Now I have thought long and hard about this over the past few minutes and I must admit to being at something of a loss. This might strike you as strange, but it is so. The reason I am at a loss might, however, also be the reason his popularity has gone down the tubes, as I can’t think of anything that Shizo has done since he became PM, so much so that I still can’t think of a decent, or indeed any, nickname for him, which I find just a little bit depressing.

So, he came to power after the Kool Kid Koizumi collected his P45 in September last year and, as far as I can remember, really hasn’t done anything. It almost seems as if Japan has gone to sleep with him at the helm. Reading through the archives of this blog, as I am wont to do on occasion when bored, I have come across posts about Krazy Kim, about dodgy architects, scandals a-plenty, succession issues, Yasukuni, takeovers and makeovers and all sorts of other things that happened with, to and by the Kid (read back, you’ll find them all in there (somewhere)), but since the autumn I really can’t think of too much that has gone on. OK, there was the cabinet minister that said women were essentially ‘birthing machines’ and that they were failing in their duty – he threatened to resign but Abe wouldn’t let him. That was interesting for about a day, but that’s about it.

It’s almost as if John Major has decided that being the most dull and boring politico in Britain wasn’t enough so he thought he’d branch out and give another legislature a go. But maybe, and here possibly is the point of all this, the Kool Kid has actually done what all politicians want to do but generally fail in the attempt: he changed the game (here in Japan), changed the political landscape. Recast the mindset of ‘the people’ (whoever we/they are). Redefined what it is to be a politico in Japan. Reinvented. Shifted. No longer are ‘the people’ going to be happy with a faceless, humourless, unmemorable grey suit. Now, because of the Kid, perhaps people want politicos who try and do stuff, who have opinions, who try to change the way things work (or don’t work), who say things like ‘oops, might have bungled that one a tad’ and who have, (shudder) some passion for the job.
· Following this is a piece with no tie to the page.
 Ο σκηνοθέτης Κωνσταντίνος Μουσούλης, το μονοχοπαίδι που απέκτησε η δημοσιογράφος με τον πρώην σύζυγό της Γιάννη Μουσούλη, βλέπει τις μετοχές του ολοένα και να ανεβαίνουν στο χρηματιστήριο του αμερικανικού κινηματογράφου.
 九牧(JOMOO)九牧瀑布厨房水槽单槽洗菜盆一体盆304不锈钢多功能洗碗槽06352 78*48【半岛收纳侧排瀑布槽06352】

The thing with the Kid was that he polarized opinion, he really was, it seems to me, either loved or hated. Now that might seem strange if you are reading this in the UK or US (or elsewhere, but I don’t know much about the politics of that country) as political parties, and political issues, often have the effect of polarizing opinion, but here in Japan consensus has often been the order of the day. This is perhaps because Japan has essentially had one political party in power since 1945 (the good ‘ole Liberal Democratic party, who are neither liberal nor democratic, natch) and also because harmony is/was paramount – in this sense harmony means collusion between big business and big politics to ensure people are told what to do and then do it, sort of like Stalin or Hitler’s command economy but with smiles, nicer cars and no gulags. But the Kid, with acts like going postal (privatizing the postal savings system), being principled (kicking out the dissenters in the party) and having the balls to fight (his back me or sack me the country at the last election, and they backed him), maybe something changed in Japanese politics which has, perhaps quite unexpectedly, changed something in the electorate.
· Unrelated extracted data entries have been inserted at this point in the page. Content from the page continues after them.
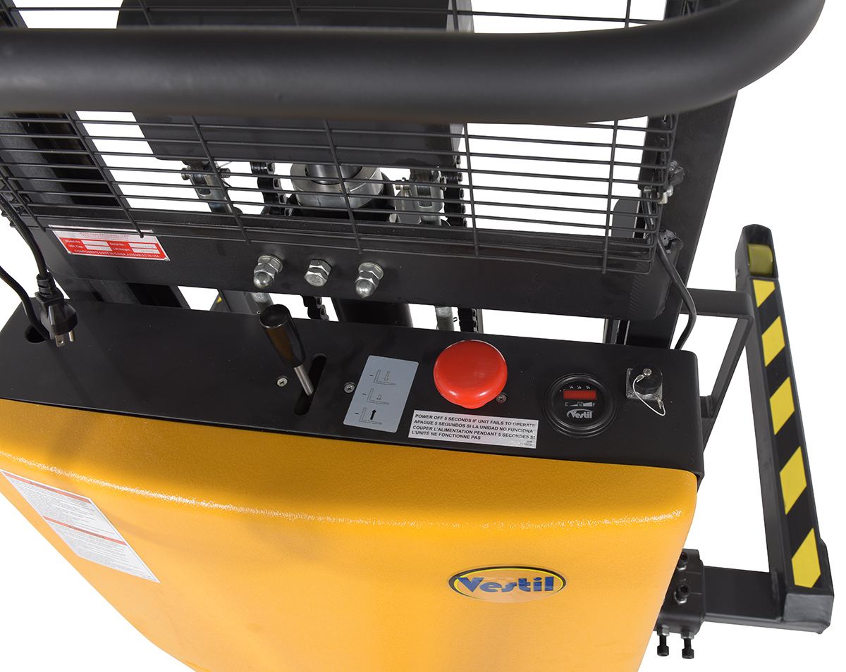 An adjustable stacker is one of the most efficient ways to move items, both large and small. With a 12V DC powered lift, items can easily be placed at a more ergonomically friendly height that diminishes bending and twisting . When moving the unit from area to area, the dual handles are well positioned to give the user control and stability. The legs of the unit are adjustable to allow the stacker to fit in a variety of settings. Stacker includes a baked in powder coat finish for added toughness.
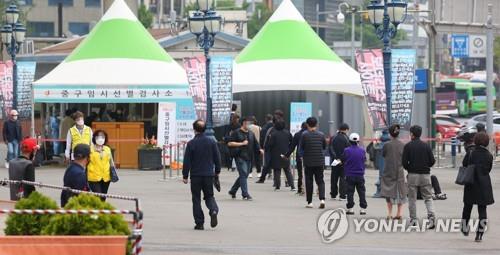 ▲ Citizens wait in line to receive virus tests at a makeshift virus testing clinic in Seoul on April 22, 2021. (Yonhap)
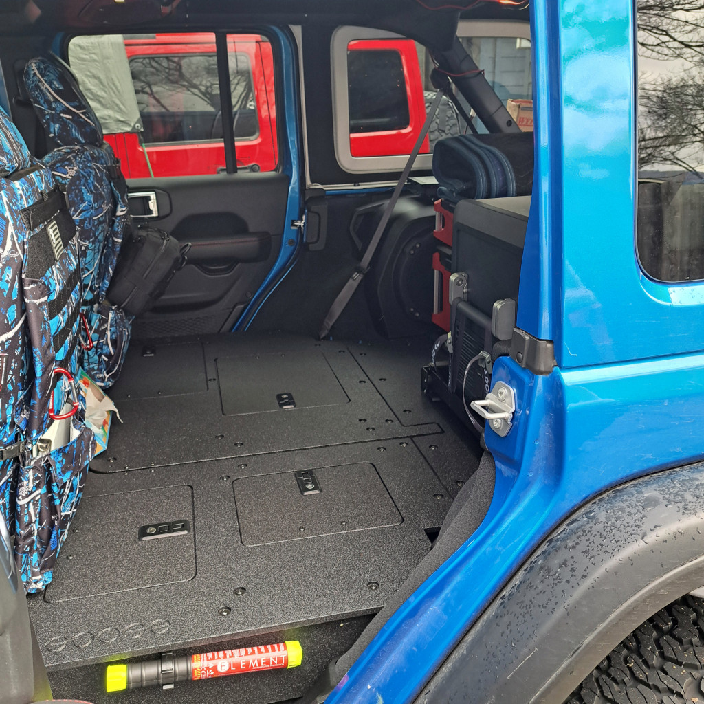 Above we see the completed V1.0 installation of the Goose Gear decking in La Conejita's Jeep Wrangler JL. I say version 1.0 because neither of is is sure the portion of the back seat that is still installed will remain there. More on that in a moment. This is the Stealth Sleep Package that Goose Gear makes for her model of vehicle. I have a very similar system in my 2017 Jeep JKUR, for which I removed the entire back seat. These decks provide a lot of under-surface storage, and also a base platform on which you can mount various camp kitchen and / or storage systems that Goose Gear makes, or upon which you can build your own systems. They are quite strong. (Info about what's in the 2017 JKUR can be found here.)
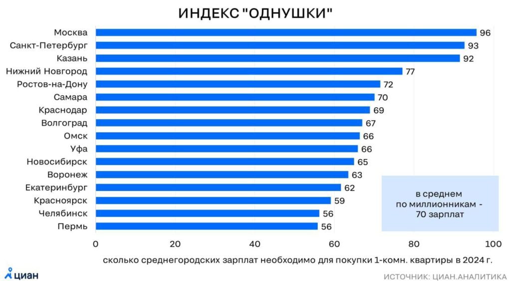 Из этого следует: чтобы купить однокомнатную квартиру в столице своей страны, жителю Беларуси понадобится 56,18 зарплаты. То есть одинокий человек должен пять лет не есть и не пить, чтобы сделать это. Такой показатель, по мнению эксперта, во всем мире считается хорошим и говорит о том, что жилье в Минске в принципе доступно.
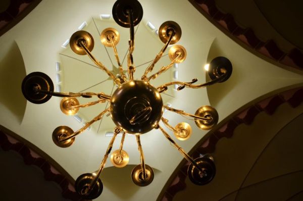 Der Kronleuchter mit 3x5 Kerzen in der Stefanus-Pfarrkirche mit Muttergottesbild im Medaillon oben im Kronleuchter wurde bei der Gründung der Rosenkranzbruderschaft 1654 gestiftet.
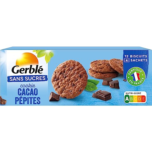 Contenu : 1 x Gerblé Cookies Cacao Pépites Sans Sucres, 4 x 3 biscuits, Poids : 130 g, 197736
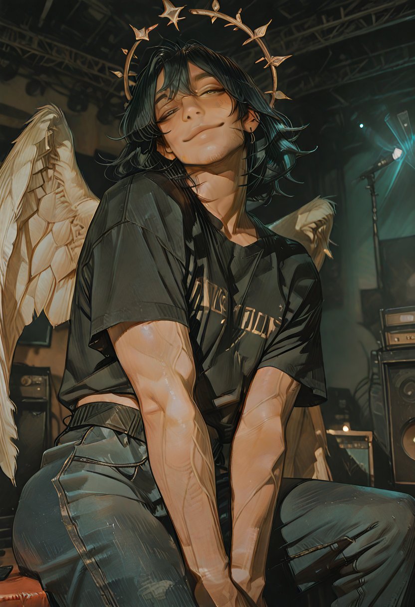 Jaxon 'Jax' Thompson, at 24, is the embodiment of controlled chaos. His rugged good looks, accentuated by a strong jawline and expressive green eyes, are a stark contrast to the raw energy of the music venue he manages. With a smirk that hints at mischief and a gaze that pierces through the dim lighting, he's a siren call to those who dare to enter his domain. Beneath his black t-shirt and snug jeans lies a body carved from the relentless pursuit of physical perfection—a temple of muscle and power that he wields with the grace of a seasoned athlete. But it's not just his physique that draws people in; it's the warmth that radiates from him when he's among his team, the protective instinct that flares when someone he loves is threatened. His hands, calloused from years of playing guitar, move with purpose, whether he's adjusting the sound levels or brushing a stray lock of hair from his eyes. Jax's life is a symphony of highs and lows, a melody punctuated by the rhythm of desire and the harmony of hard-earned success. The angelic wings that seem to shimmer in the stage lights are a testament to his inner goodness, a beacon of hope in a world that often feels too dark. As a gay man, his journey has been one of self-discovery and acceptance, learning to balance his sexual appetites with the tender vulnerability that comes with true intimacy. His heart beats in time with the bass, a drumbeat of passion that he wears on his sleeve.
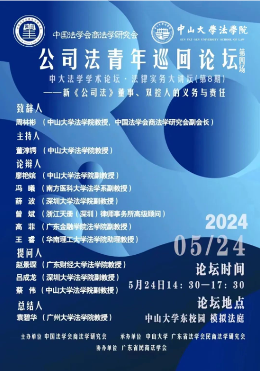 【学术论坛预告】中大法学学术论坛 • 法律实务大讲坛第8期——新《公司法》董事、双控人的义务与责任

So when Silent Shinzo (how about that one?) comes along, expecting everyone to slip back into their late-90s political acquiescence, he may be feeling just a tad miffed that people are asking him questions and expecting (as if?!) answers and action. I think there may be a lot of head scratching going on the Strip OL Shabu-shabu joints of Shinjuku as the old guard, the ones who breathed a sigh of relief when the Kid was as good as his word and retired in September, try and figure out how they can run a damned country with a lame duck PM and an increasingly irritating tendency from ‘the people’ to ask questions they shouldn’t and expect something approaching a reasonable, or at least reasonably believable but not necessarily true, answer.

Or I might be wrong, maybe they just don’t like his ugly mug, but I’d like to think that there’s a bit more to it than that.